Did I Just Have a Video Chat with an AI?
BY: Steve Callan | 11/13/23
A Series on Artificial Intelligence: Part 1
Um....was I just interviewed by an AI over video?
A few days ago, I was requested to speak on behalf of SilverTech about the current state of AI and how our clients perceive and utilize it today. The conversation took place over video and was preceded by several email communications and a pre-generated list of questions that would be asked. The gentleman I spoke with was polite, attentive to my answers, and displayed natural human inflection, facial expressions, and engagement. However, as someone experienced in AI, there were moments in our dialogue that led me to question whether I was conversing with a real person or an avatar powered by a sophisticated language model.
I’m sure my background in technology has me paranoid....right?
At SilverTech, we are tech geeks. We love solving difficult problems for our clients with technology and we often find ourselves exploring new technologies in our free-time. One of the hallmarks of the individuals at SilverTech is that we enjoy deconstructing something to understand how it works. Most this is an existing technology to see how it tickets, but sometimes this is a technology that doesn't exist, but asking ourselves, "if it did exist, what would it look like inside if we took it apart?"
Considering our AI interviewer—assuming that was indeed his nature—how would one construct such a system? To begin, I would consider the high-level components: the core technologies involved and how I would integrate them to simulate:
The ease of human interaction through language has already been demonstrated; large language models such as ChatGPT and Meta's Llama2 have shown us that we can engage with AI using written dialogue and receive responses that are convincingly human-like. When these responses are imbued with distinct personality traits, intentions, and motivations, distinguishing between a real human and an AI becomes nearly impossible.
Voice synthesis technology, like Azure Text to Speech and Amazon Polly, have been around for some time, but believability has always been a stumbling block due to their distinctly computerized sound. Recently, however, breakthroughs have been made. Technologies now on the market such as Descript's Lyrebird and ElevenLabs can create or emulate a human voice with uncanny accuracy. These technologies are propelling the AI landscape forward with generative audio models that give our ChatGPT interactions human-like speech.
Facial Capture and Expressions
The surge in VR and augmented reality has brought forth an array of technologies designed to digitize real-world objects and people for use in 3D environments. Volumetric capture, once requiring a visit to a specialized studio, and extended post-production timelines, can now be achieved in near real-time with incredible accuracy. Companies such as MetaHuman as recently demonstrated at State of Unreal 2023 how these high-fidelity humans can be easily animated to create speech representations and incredibly lifelike facial expressions. By synchronizing the expected sounds of speech to these digital faces, much like in animation, we edge closer to being able to produce videos with AI-generated dialogue.
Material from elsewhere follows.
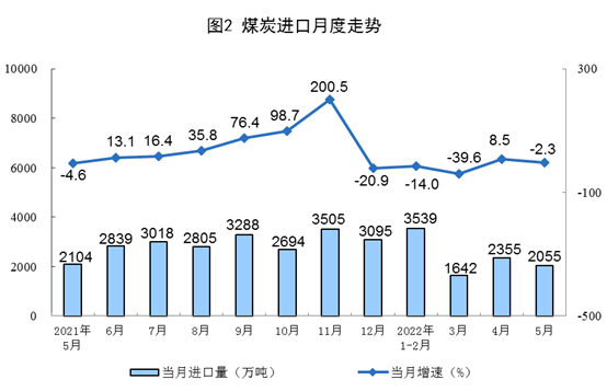 原煤生产保持较快增长,进口由增转降。随着煤炭保供稳价政策深入推进,原煤生产继续保持较快增长。5月份,生产原煤3.7亿吨,同比增长10.3%,增速比上月放缓0.4个百分点,日均产量1187万吨。进口煤炭2055万吨,同比下降2.3%,上月为增长8.5%。

The ultimate goal is to create a system that can interact in real time, synthesizing text, voice, and facial expressions on the fly. This involves integrating several complex technologies, each requiring communication channels to interact, which introduces latency. During my conversation with what might have been an AI, the responses were relatively immediate, without the delays one would expect from such a system. To achieve this, one would need to condense these technologies into a unified network, or push all the models to the edge networks. Despite the inherent challenges, the prospect isn't far-fetched. Given the expanding array of models available today and efforts from companies such as CloudFlare pushing AI models to edge networks we are not far away.
This type of innovation is not somewhere in distant the future; the only thing it lacks to bring it to life is connecting the dots between divergent technologies and a reason to do it. As architects of this new digital era, it's our responsibility to wield this power wisely, ensuring ethical judgment and the collective good, while simultaneously moving with the pace of rapid innovation around us.
This outline only represents high-level back-of-the-napkin thinking, does not hit on 100% aspects of delivering on this reality, however the next several years we'll begin to see these connected technologies come together and with increasing levels of fidelity. Soon it will be impossible to distinguish fact from fiction.
Perhaps the most thought-provoking question of all, though, is what becomes of digital communications when we can no longer trust any form of it?